**Exercise goal**
When you reach the line with "- 【DIMMABLE &", transcribe it and each line after it through the last one below, exactly. Pictures stay out.

**Information provided**

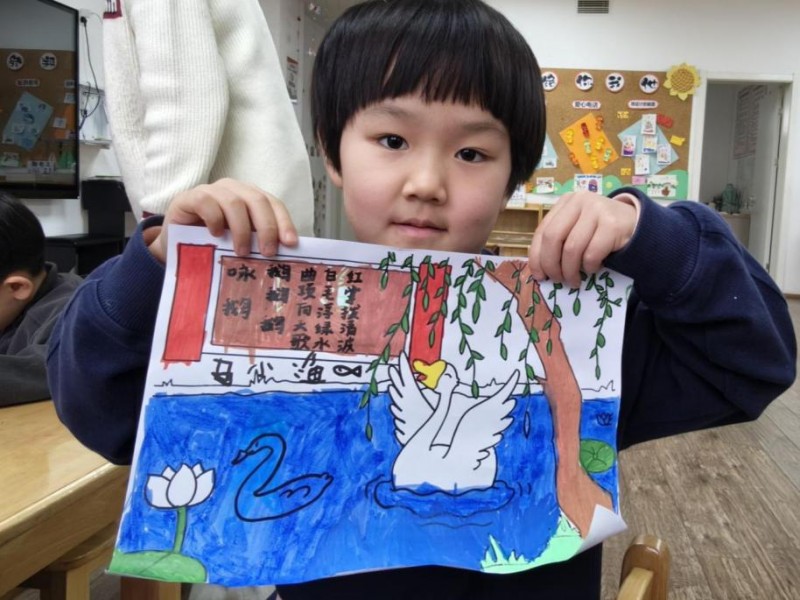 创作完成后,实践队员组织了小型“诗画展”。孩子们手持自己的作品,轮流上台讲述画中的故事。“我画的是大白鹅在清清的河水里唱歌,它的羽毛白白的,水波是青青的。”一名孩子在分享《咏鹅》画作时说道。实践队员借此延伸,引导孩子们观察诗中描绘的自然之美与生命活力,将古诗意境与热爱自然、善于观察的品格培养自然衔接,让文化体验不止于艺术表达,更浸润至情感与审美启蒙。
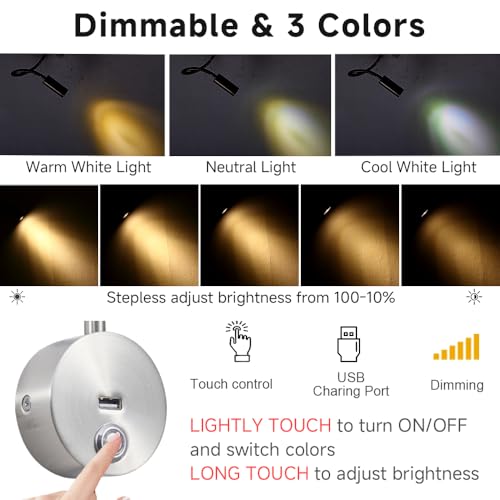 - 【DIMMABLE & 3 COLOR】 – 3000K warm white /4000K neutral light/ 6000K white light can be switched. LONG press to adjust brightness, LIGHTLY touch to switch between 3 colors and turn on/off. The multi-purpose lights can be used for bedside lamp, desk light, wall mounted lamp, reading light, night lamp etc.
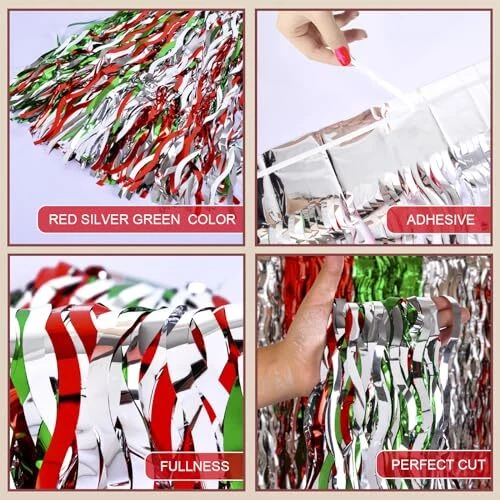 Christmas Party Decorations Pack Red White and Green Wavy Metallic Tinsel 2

**Exercise solution**
 - 【DIMMABLE & 3 COLOR】 – 3000K warm white /4000K neutral light/ 6000K white light can be switched. LONG press to adjust brightness, LIGHTLY touch to switch between 3 colors and turn on/off. The multi-purpose lights can be used for bedside lamp, desk light, wall mounted lamp, reading light, night lamp etc.
 Christmas Party Decorations Pack Red White and Green Wavy Metallic Tinsel 2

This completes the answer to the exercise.